Le choix a été fait de ne pas placer des cartels à côté de chaque tableau, mais de les concentrer sur un panneau afin de laisser le visiteur s’imprégner d’abord des œuvres qu’il découvre.
Magritte
La salle consacrée au réalisme social est centrée sur le travail des femmes avec un beau tableau de Constantin Meunier d’une “hiercheuse” au regard fier, descendant dans la fosse, c’était une ouvrière chargée de faire circuler les wagonnets au fond de la mine. On retrouve encore Pierre Paulus, le peintre sans doute le plus emblématique de Charleroi.
Mais la ville n’est pas qu’industrielle. Une salle est consacrée à la vie quotidienne avec un très beau tableau d’Anna Boch (1848-1936), une artiste que le MuZEE d’Ostende célébrera par une exposition qui lui sera consacrée à partir de juillet 2023. On y trouve aussi le sensuel Repos (1936) de Gustave Camus. Les fêtes sont évoquées par des tableaux d’Ensor et Tytgat.
La salle consacrée au surréalisme retiendra surtout l’attention avec trois autres Magritte : La liberté de l’esprit (un portrait de Georgette en 1948), L’empire de la réflexion (1938) et le projet de La fée ignorante. Avec aussi une Annonciation de Paul Delvaux.

Le parcours se termine par l’abstraction (un beau Jo Delahaut) et une salle pour l’art contemporain (avec Johan Muyle, Michaël Matthys et d’autres). Une place réduite, car c’est au BPS22 tout proche que l’art actuel se montre.
L’accès aux collections permanentes est gratuit et l’accrochage sera régulièrement modifié au rythme d’un tableau sur cinq changé par an.
Après la première expo temporaire consacrée aux cent ans de Dupuis, on annonce fin 2023 une exposition Art et sport et en 2024, Les femmes artistes en Belgique au XXe siècle.
Musée des Beaux-Arts de Charleroi, 67 boulevard Mayence, fermé le lundi. Ouvert du mardi au vendredi de 10h à 17 h et le week-end de 10h à 18h.
Nos héros favoris
La première exposition temporaire intéressera et amusera tous les publics, de tous les âges. Elle est consacrée aux cent ans de l’éditeur Dupuis qui fut d’abord imprimeur d’étiquettes pour médicaments avant d’incarner le 9e art au Pays noir. Elle est sous-titrée La fabrique de héros car comme le dit Thierry Tinlot, un des commissaires et qui fut durant 12 ans le boss à Spirou, la BD fait naître des héros qu’on retrouve à l’exposition sous toutes leurs formes : le gaffophone de Gaston Lagaffe trône à l’entrée. Sur un mur on reconnaît la flûte à six schtroumpfs, les casques de Choc et de Michel Vaillant. Largo Winch, le Marsupilami, etc,, sont tous là. On y trouve 150 superbes planches originales prêtées par des collectionneurs. Au total 485 objets sont présentés !
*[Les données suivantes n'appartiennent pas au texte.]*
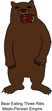 This is again the Medo-Persian empire. The bear is an appropriate symbol for the Medo-Persian empire because "This empire was much like a bear, which is feared as a beast with apparently ponderous movements but, when enraged, is capable of swift, powerful, and brutally aggressive attacks. The Medo-Persian Empire conquered Babylon and virtually every other kingdom that stood before it with its ponderous, bearlike strength."[2, p.97]. And "Daniel's vision of the three ribs in the bear's mouth prophetically represented the Persian Empire's conquest of three kingdoms (Lydia, Babylon, and Egypt). Those kingdoms had formed a defensive triple alliance to stand against the invading Persian armies"[2, p.98].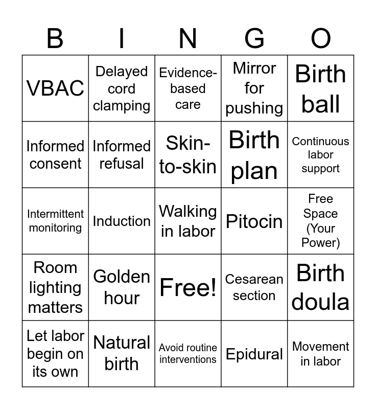 This bingo card has 26 words: Free!, Epidural, Skin-to-skin, Natural birth, Birth ball, VBAC, Informed consent, Delayed cord clamping, Free Space (Your Power), Cesarean section, Birth plan, Intermittent monitoring, Birth doula, Let labor begin on its own, Induction, Upright positions, Mirror for pushing, Room lighting matters, Evidence-based care, Walking in labor, Continuous labor support, Avoid routine interventions, Pitocin, Golden hour, Informed refusal and Movement in labor.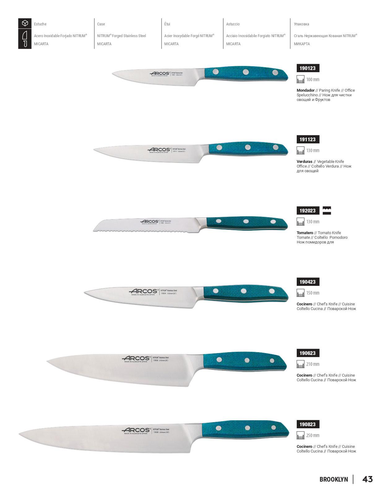 Facas de cozinha com lâmina de aço inoxidável NITRUM com borda de seda especial e alça micarta.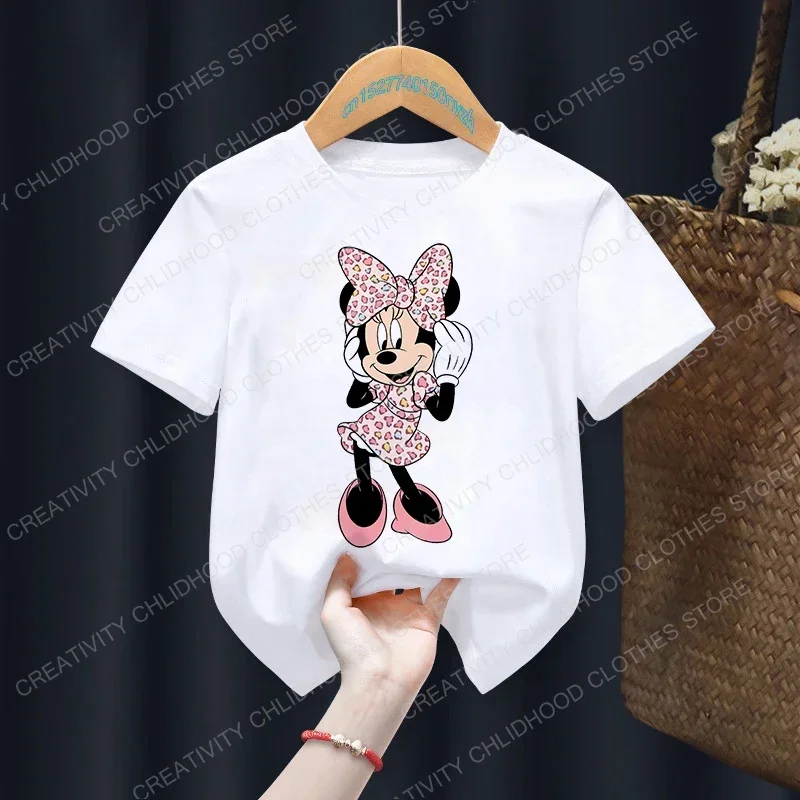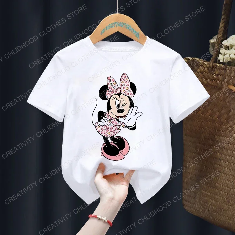 Minnie Children T-shirt Kawaii Disney T Shirt Floral Mickey Mouse Anime Cartoon Casual Clothes Kid Girl Boy Short Sleeve Top Tee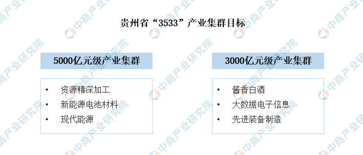 當(dāng)前貴州省錨定“3533”奮斗目標,加快構(gòu)建富有貴州特色、在國家產(chǎn)業(yè)格局中具有重要地位的現(xiàn)代化產(chǎn)業(yè)體系,到2027年形成資源精深加工、新能源電池材料、現(xiàn)代能源等3個5000億元級產(chǎn)業(yè)集群,醬香白酒、大數(shù)據(jù)電子信息、先進裝備制造等3個3000億元級產(chǎn)業(yè)集群。

On s’amusera à retrouver la collection complète des mini-livres à plier qu’on trouvait dans les Spirou, ou à lire les BD qu’on peut trouver dans une bibliothèque ouverte au public.
Présentée comme une visite dans un atelier, la fabrique de héros, on expose au centre, emballés, 1 500 exemplaires du Petit Spirou représentant un seul jour de vente. !
Une animation interactive permet de suivre deux dessinateurs à l’œuvre. Un mur avec des trous de serrure est consacré aux “petits secrets” de la BD. Et le savant autant que facétieux Thierry Tinlot a placé le long du parcours des avertissements rigolos du genre : “Ne pas parler en dehors des phylactères” ou “Tout bord perdu doit être ramené à l’accueil”.